Contingency of parental behaviour can be understood as the sequence and timing of parent’s behaviours within which the parent responds to the child’s cues. It is considered to be a property of a wider parenting construct referred to as maternal responsiveness or maternal sensitivity (Shin et al. 2006). In the same way that interactional behaviour varies with context, contingency of parental behaviour is also subject to variation. In experimental research depression in mothers has been found to influence the contingency of the mother’s responses during interaction exchanges with infants. The measurement of the contingency of behaviours during dyadic interaction is time intensive, but its current status within theoretical models of development (Jaffe et al. 2001) and its use in the design and evaluation of intervention programmes for parents (Rodriguez et al. 2010) means that the coding of contingency during interaction will continue for some time to come.
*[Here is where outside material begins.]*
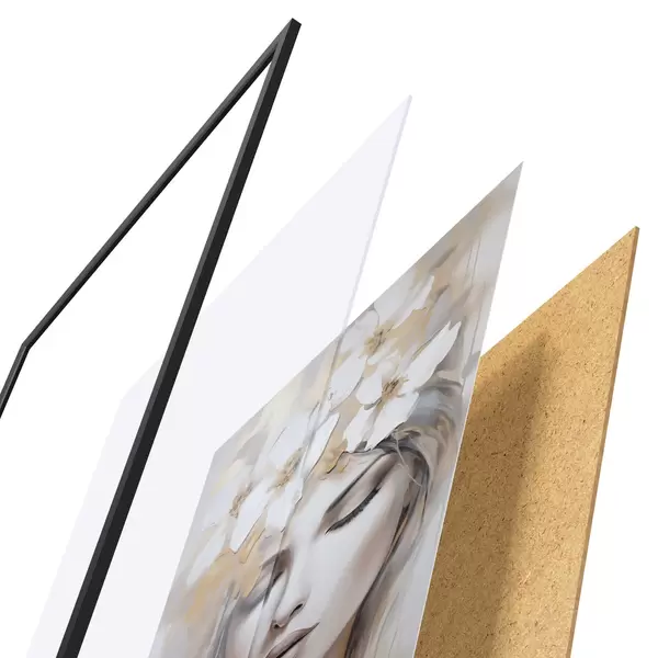 Das Poster besteht aus einem Rahmen, Plexiglas, einem gedruckten Bild und einer Rückwand aus Spanplatten. Dank der Halterungen auf der Rückseite kann das Poster sofort an die Wand gehängt werden.

In the implementation of an exploratory phase 1 clinical trial of a parent intervention programme in the context of childhood hearing impairment, we chose to use a measure of parental contingency to evaluate change before and after the intervention. This led us to question, how much parent/child interaction we needed to code to get a reliable and representative measurement of contingency. The reliability of the data was particularly important since we planned to use the measure to assess change over time in single families. The analogous application of Ambady and Rosenthal’s study to the field of developmental psychology might be articulated as such; parental contingency is an observable and measurable expressed behaviour; could brief observations of this behaviour be used to accurately judge the trait of parental responsiveness.

In the larger study for which we were defining our methodology, our intention was to test an experimental hypothesis which stated that the parent intervention in the clinical trial would enhance parental responsiveness. This hypothesis drove the need to develop a robust measure of parental contingency which examined the sequential occurrence of the parents’ behaviour in response to the child’s. The dependent variable was for use in a phase 1 clinical trial with single-subject design and there was a need to test the reliability of the measurement for use with single cases. It was not enough to adopt methods that had been derived from pooled data from experimental research. So there remained a question as to whether the coding of a thin slice (5 min or less) of behaviour would yield results similar to that provided from a complete play session of 20 min duration. The practical question of how much data we needed to code to get a reliable result meant that we compared three partial segments that differed in duration, one time slice that was below 5 min duration (3 min segments—referred to as short duration), one time slice that was above 5 min duration (6 min—referred to as medium duration) and one time slice that represented half of the entire play session (9 min—referred to as long duration). The main experimental hypothesis of the study is that short slices of behavioural data (less than 5 min in duration) taken from naturalistic free play between mothers and children is not as reliable as longer slices of behavioural data (medium duration and long duration). A secondary experimental hypothesis of the study is that the frequency of behaviour, based on a count from the population of the entire free-play session, interacts with the reliability of data from the differing time samples. Low frequency contingency pairs will be less reliable in all the samples, but particularly in the short samples compared to higher frequency contingency pairs. A final experimental hypothesis of the study is that results based on the samples taken from the beginning of the entire play session will be more reliable than samples taken at the end of the play session. This pattern will be observed for all the sample durations (short, medium and long).

The analysis will be based on assessment of the likelihood ratios of behaviours of mother and child co-occuring within a specific time window on both case-by-case basis and grouped data. This study is based on a large scale intervention study looking at mother–child interaction and child speech development where the child is Deaf/deaf/hard of hearing. As part of a larger assessment session testing a range of psychological and acoustic speech measures associated with child development and parenting, a mother and her Deaf/deaf/hard of hearing child were video recorded while engaged in a naturalistic free play interaction.

Method

Participants

This study uses data from four mother–child dyads who were taking part in the aforementioned intervention study. There were two boys (ages 3;10 and 6;10 years) and two girls (ages 5;3 and 1;11 years). All mothers were hearing and all children were congenitally profoundly deaf. Two children had bilateral cochlear implants and were pre-lingual. One child (girl 5;3 years) had bilateral cochlear implants, and had some level of speech. One child had a unilateral cochlear implant and was pre-lingual with severe learning difficulties (boy aged 6;10 years).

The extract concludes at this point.